▶ _Brief_
Each entry below must be written out exactly, with pictures left out.

Source data:
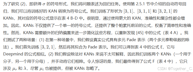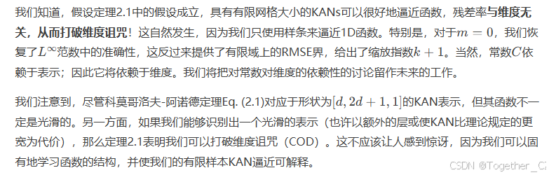 数学方面: 尽管我们已经对 KANs 进行了初步的数学分析(定理 2.1),但我们对它们的数学理解仍然非常有限。科莫哥洛夫-阿诺德表示定理在数学中已经得到了彻底的研究,但该定理对应于形状为 [n,2n+1,1] 的 KANs,这是 KANs 的一个非常受限的子类。我们在更深层 KANs 上的经验成功是否暗示了数学中的某些基本问题?一个吸引人的广义科莫哥洛夫-阿诺德定理可以定义“更深”的科莫哥洛夫-阿诺德表示,超越深度-2 的组合,并可能将激活函数的光滑性与深度联系起来。假设存在一些函数,它们不能在原始的(深度-2)科莫哥洛夫-阿诺德表示中光滑表示,但可能在深度-3 或更深层中光滑表示。我们能否使用这种“科莫哥洛夫-阿诺德深度”概念来表征函数类?
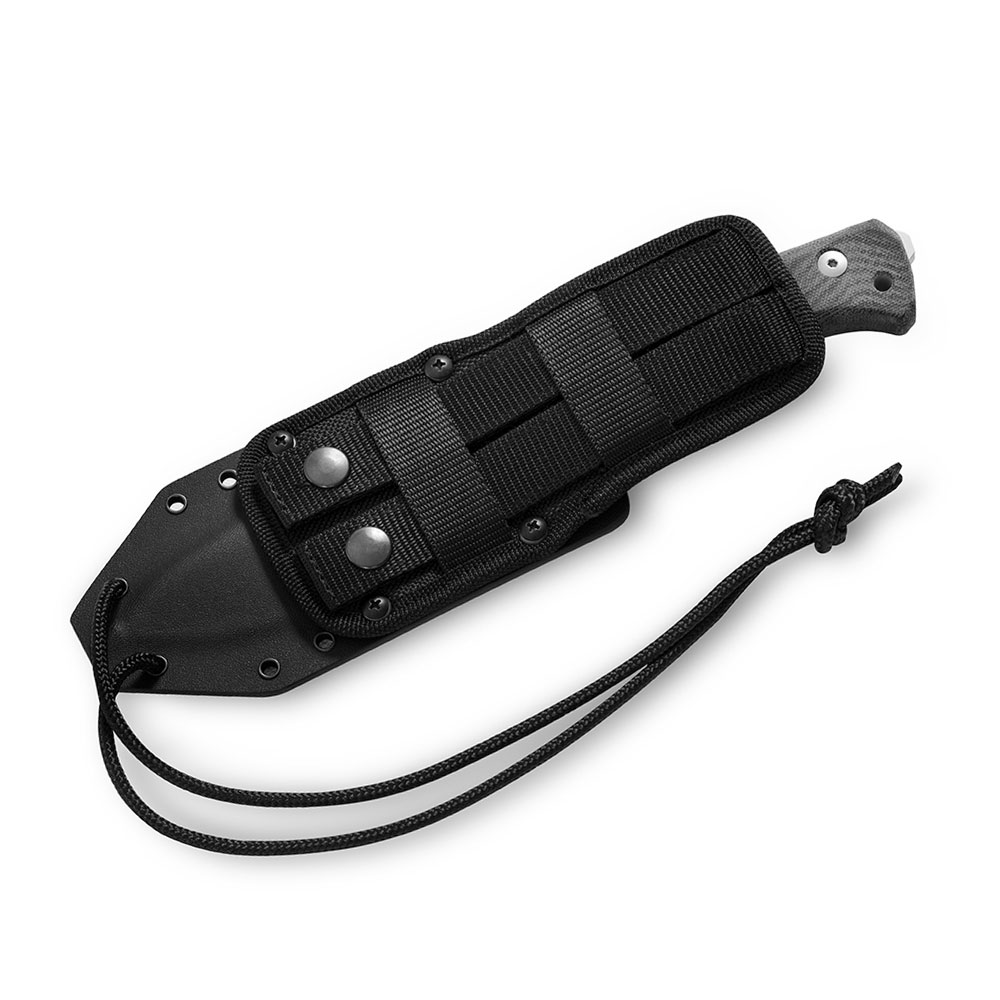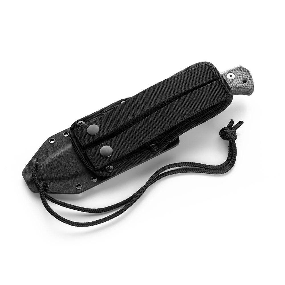 W zestawie z nożem otrzymujemy kaburę tekstylno-Kydex’ową. Kydex cechuje się wysoką odpornością na uderzenia, zarysowania, charakteryzuje się niską chłonnością wilgoci, odpornością na różnorodne warunki atmosferyczne oraz wiele środków chemicznych. Kabury z niego wykonane użytkujemy wygodnie i długotrwale. Kabura zaopatrzona została w piny przelotowe, do których można przypiąć np. uchwyt na krzesiwo (nie znajduje się w zestawie) lub użyć ich do jej zamocowania na plecaku. Tekstylna, elastyczna część kabury, wyposażona została w pasy z zatrzaskami pozwalające montować nóż do systemów MOLLE. Całość konstrukcji kabury pozwala nosić nóż w różnych pozycjach (poziom, pion a nawet rękojeścią w dół dzięki zastosowaniu dodatkowego zatrzasku wokół niej).
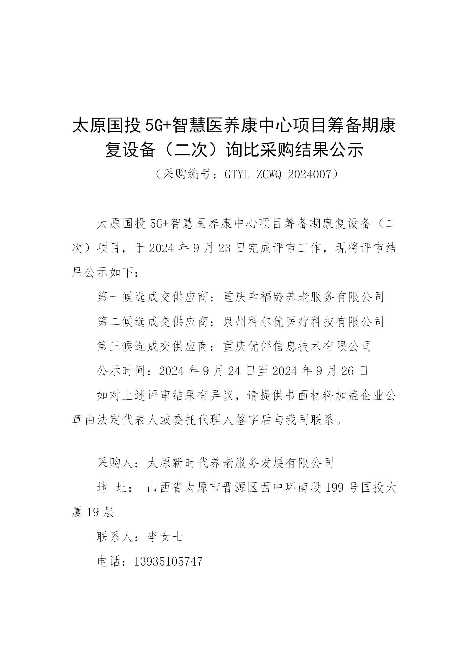 太原國(guó)投5G+智慧醫(yī)養(yǎng)康中心項(xiàng)目籌備期康復(fù)設(shè)備(二次)詢比采購(gòu)結(jié)果公示
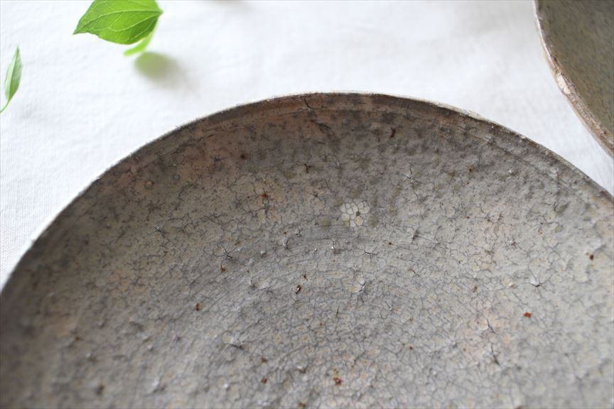 石ハゼ、鉄粉、ピンホール、貫入などが見られますが、荒々しい表情も魅力の一つです。原土に含まれる小石や鉄分なども精製しすぎることなく制作されており、それらの素材の持つ表情としてお楽しみください。
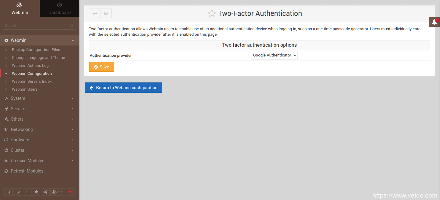 为了帮助保护您的Webmin服务器,必须进行两步验证,也称为2FA。我强烈建议启用它。
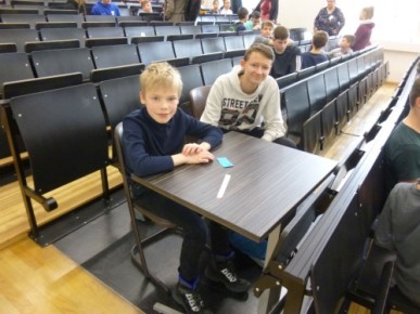Um 8:45 Uhr wurden alle Teilnehmer von den Organisatoren (Fachberater und Professoren der Hochschule) begrüßt und durften sich knapp zwei Stunden an verschiedenen mathematischen Knobeleien probieren. Im Hintergrund korrigierten die Lehrer die Aufgaben, sobald die Schüler mit denen fertig waren.
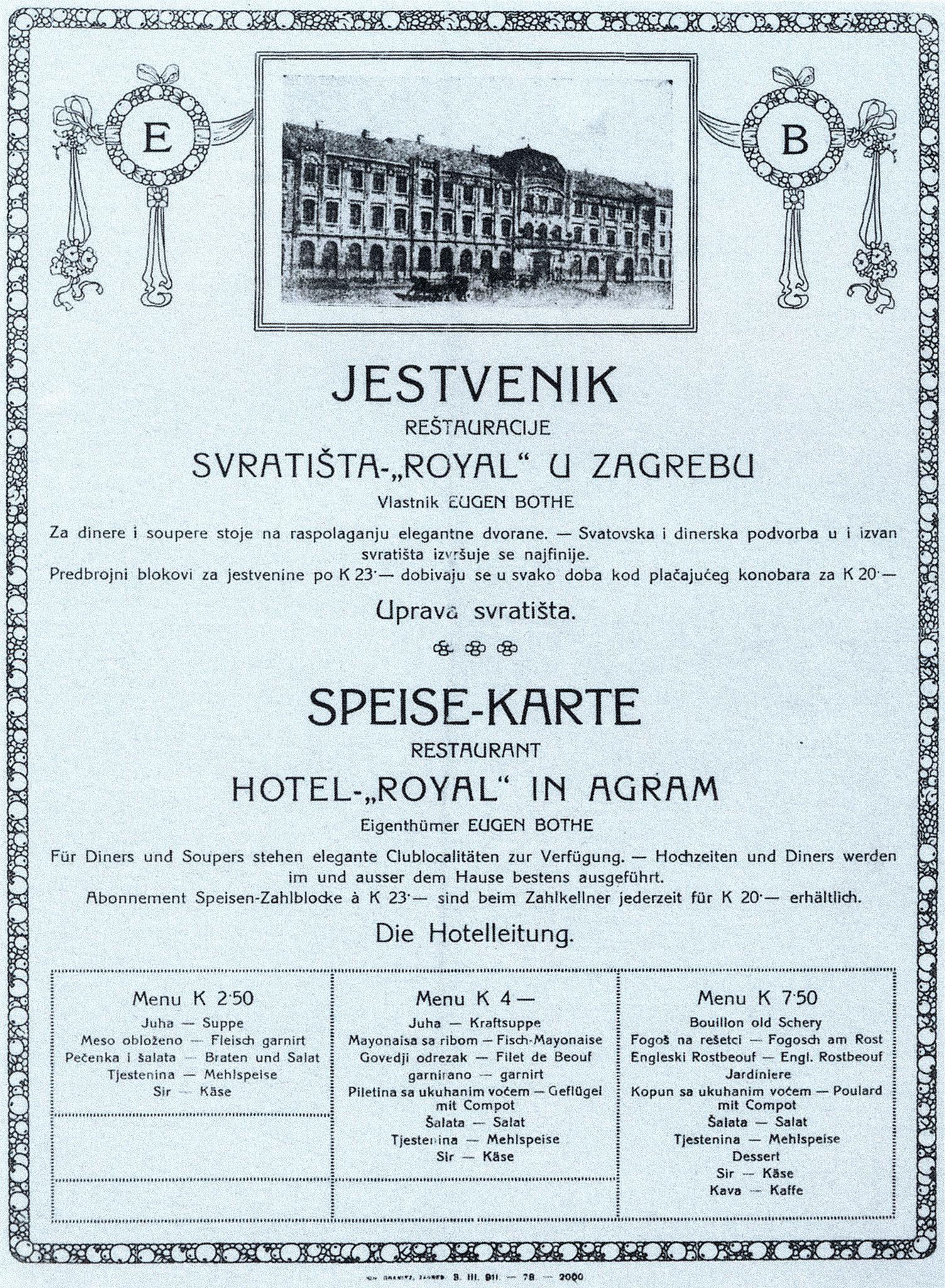 Ta prošla vremena kojih se mnogi i danas sjete, ali ih i štuju, zanimljiva su iz više razloga. Dok jedne zanima kako se grad razvijao, druge impresionira arhitektura ili umjetnost. Nas je, pak, zaintrigirao jelovnik odnosno "Jestvenik Reštauracije Svratišta ‘Royal‘ u Zagrebu", tadašnjeg vlasnika Eugena Bothe iz 1905. na koji smo sasvim slučajno naletjeli u Facebook grupi Zagreb - kakav je bio nekada.
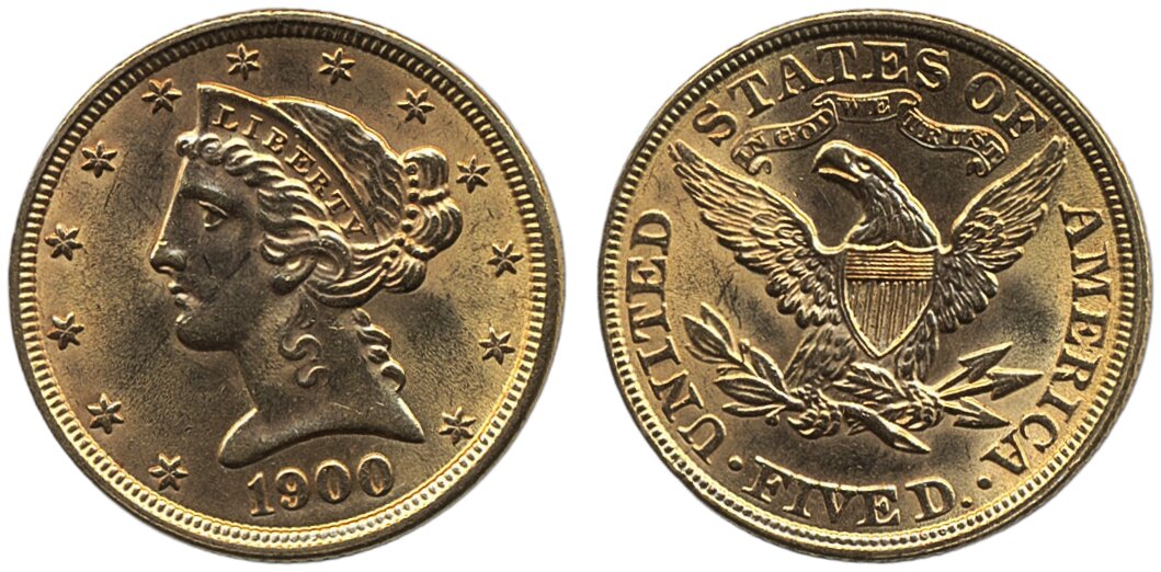 Coins, U.S.A. KM 101, 5 dollars 1900. 8.33 g. gold, Cornet Head. XF.
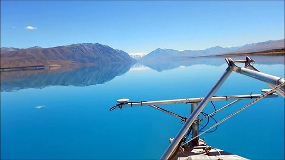The National Institute of Water and Atmospheric Research (NIWA) recently carried out a bathymetric and seismic survey of New Zealand's Lake Tekapo. The bathymetry data was acquired with a Kongsberg 0.4 x 0.7 degree EM2040 system.Due to the relatively remote location of Lake Tekapo, the EM2040 pod was fitted to a trailerable 6.8m monohull. A pivoting bow mounted deployment system was designed which allowed the EM2040 pod to be lowered into the water when on site with a high degree of repeatability. An Applanix POSMV system was used to provide position and attitude information with the antenna mounted directly above the EM2040 pod. The acquisition hardware (EM2040 transceiver, IMU etc.) was located in the forward cabin as close to the pod and antenna as possible so as to reduce any potential lever arm issues.
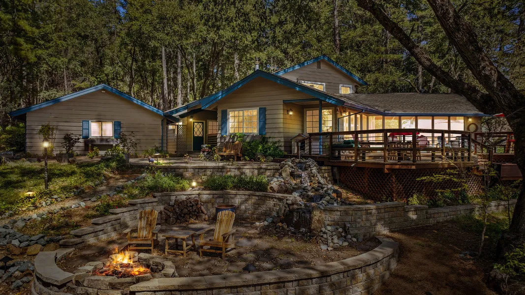 Live in your own private resort that includes a separate detached cabin. Features a living area with a beautiful rock fireplace and wood beam ceilings, and a kitchen with views, island, pantry and lots of cabinets. Entire upstairs is your primary suite with a fireplace, sitting area and balcony, and newly remodeled third bedroom with bathroom has a separate entrance. Enjoy stunning views of Lake Camanche and beautiful sunsets while listening to the waterfall as you gather around the firepit. This entertainer's dream has a large deck with a built-in hot tub, solar heated pool and tiki hut, RV space with hookups plus walking trails or ATV riding. This fenced and gated property includes 2-car garage, carport, additional detached garage, whole house generator and built-in fire system to activate. Solar energy efficient house, hi-speed internet that is ideal for remote working, and irrigation systems throughout for the flourishing landscaping, rose garden and fruit orchard. Newer HVAC, water filter system, kitchen appliances and pool equipment.
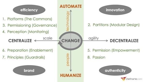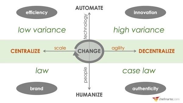 关于「核心中心化」与「去中心化」之间的平衡关系曾在「营销技术与运营的新规则」这篇文章中做了说明。
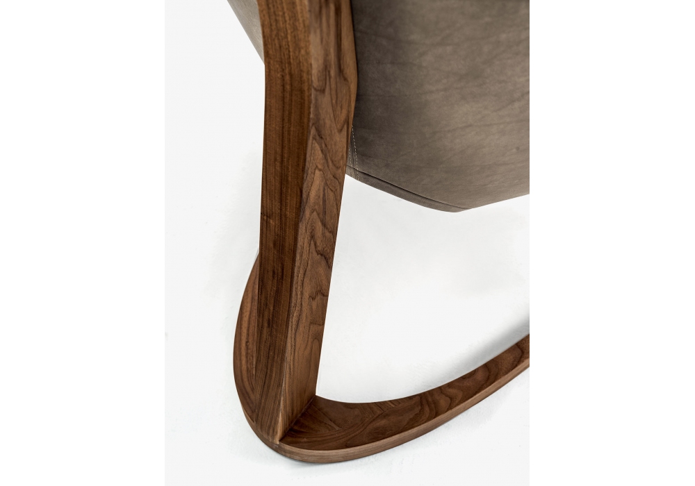 Yin & Yang Lounge Chair firmata da Steve Leung per Riva 1920 è una poltrona dotata di telaio in noce massello completamente tornita, assemblata e levigata a mano. I curvati compongono la struttura seguendo una linea di continuità tra basamento e seduta, ricavata da un multistrato tondo e concavo rivestito in pelle Camoscio con cuciture a vista.

▶ _Exercise solution_
 数学方面: 尽管我们已经对 KANs 进行了初步的数学分析(定理 2.1),但我们对它们的数学理解仍然非常有限。科莫哥洛夫-阿诺德表示定理在数学中已经得到了彻底的研究,但该定理对应于形状为 [n,2n+1,1] 的 KANs,这是 KANs 的一个非常受限的子类。我们在更深层 KANs 上的经验成功是否暗示了数学中的某些基本问题?一个吸引人的广义科莫哥洛夫-阿诺德定理可以定义“更深”的科莫哥洛夫-阿诺德表示,超越深度-2 的组合,并可能将激活函数的光滑性与深度联系起来。假设存在一些函数,它们不能在原始的(深度-2)科莫哥洛夫-阿诺德表示中光滑表示,但可能在深度-3 或更深层中光滑表示。我们能否使用这种“科莫哥洛夫-阿诺德深度”概念来表征函数类?
 W zestawie z nożem otrzymujemy kaburę tekstylno-Kydex’ową. Kydex cechuje się wysoką odpornością na uderzenia, zarysowania, charakteryzuje się niską chłonnością wilgoci, odpornością na różnorodne warunki atmosferyczne oraz wiele środków chemicznych. Kabury z niego wykonane użytkujemy wygodnie i długotrwale. Kabura zaopatrzona została w piny przelotowe, do których można przypiąć np. uchwyt na krzesiwo (nie znajduje się w zestawie) lub użyć ich do jej zamocowania na plecaku. Tekstylna, elastyczna część kabury, wyposażona została w pasy z zatrzaskami pozwalające montować nóż do systemów MOLLE. Całość konstrukcji kabury pozwala nosić nóż w różnych pozycjach (poziom, pion a nawet rękojeścią w dół dzięki zastosowaniu dodatkowego zatrzasku wokół niej).
 太原國(guó)投5G+智慧醫(yī)養(yǎng)康中心項(xiàng)目籌備期康復(fù)設(shè)備(二次)詢比采購(gòu)結(jié)果公示
 石ハゼ、鉄粉、ピンホール、貫入などが見られますが、荒々しい表情も魅力の一つです。原土に含まれる小石や鉄分なども精製しすぎることなく制作されており、それらの素材の持つ表情としてお楽しみください。
 为了帮助保护您的Webmin服务器,必须进行两步验证,也称为2FA。我强烈建议启用它。
Um 8:45 Uhr wurden alle Teilnehmer von den Organisatoren (Fachberater und Professoren der Hochschule) begrüßt und durften sich knapp zwei Stunden an verschiedenen mathematischen Knobeleien probieren. Im Hintergrund korrigierten die Lehrer die Aufgaben, sobald die Schüler mit denen fertig waren.
 Ta prošla vremena kojih se mnogi i danas sjete, ali ih i štuju, zanimljiva su iz više razloga. Dok jedne zanima kako se grad razvijao, druge impresionira arhitektura ili umjetnost. Nas je, pak, zaintrigirao jelovnik odnosno "Jestvenik Reštauracije Svratišta ‘Royal‘ u Zagrebu", tadašnjeg vlasnika Eugena Bothe iz 1905. na koji smo sasvim slučajno naletjeli u Facebook grupi Zagreb - kakav je bio nekada.
 Coins, U.S.A. KM 101, 5 dollars 1900. 8.33 g. gold, Cornet Head. XF.
The National Institute of Water and Atmospheric Research (NIWA) recently carried out a bathymetric and seismic survey of New Zealand's Lake Tekapo. The bathymetry data was acquired with a Kongsberg 0.4 x 0.7 degree EM2040 system.Due to the relatively remote location of Lake Tekapo, the EM2040 pod was fitted to a trailerable 6.8m monohull. A pivoting bow mounted deployment system was designed which allowed the EM2040 pod to be lowered into the water when on site with a high degree of repeatability. An Applanix POSMV system was used to provide position and attitude information with the antenna mounted directly above the EM2040 pod. The acquisition hardware (EM2040 transceiver, IMU etc.) was located in the forward cabin as close to the pod and antenna as possible so as to reduce any potential lever arm issues.
 Live in your own private resort that includes a separate detached cabin. Features a living area with a beautiful rock fireplace and wood beam ceilings, and a kitchen with views, island, pantry and lots of cabinets. Entire upstairs is your primary suite with a fireplace, sitting area and balcony, and newly remodeled third bedroom with bathroom has a separate entrance. Enjoy stunning views of Lake Camanche and beautiful sunsets while listening to the waterfall as you gather around the firepit. This entertainer's dream has a large deck with a built-in hot tub, solar heated pool and tiki hut, RV space with hookups plus walking trails or ATV riding. This fenced and gated property includes 2-car garage, carport, additional detached garage, whole house generator and built-in fire system to activate. Solar energy efficient house, hi-speed internet that is ideal for remote working, and irrigation systems throughout for the flourishing landscaping, rose garden and fruit orchard. Newer HVAC, water filter system, kitchen appliances and pool equipment.
 关于「核心中心化」与「去中心化」之间的平衡关系曾在「营销技术与运营的新规则」这篇文章中做了说明。
 Yin & Yang Lounge Chair firmata da Steve Leung per Riva 1920 è una poltrona dotata di telaio in noce massello completamente tornita, assemblata e levigata a mano. I curvati compongono la struttura seguendo una linea di continuità tra basamento e seduta, ricavata da un multistrato tondo e concavo rivestito in pelle Camoscio con cuciture a vista.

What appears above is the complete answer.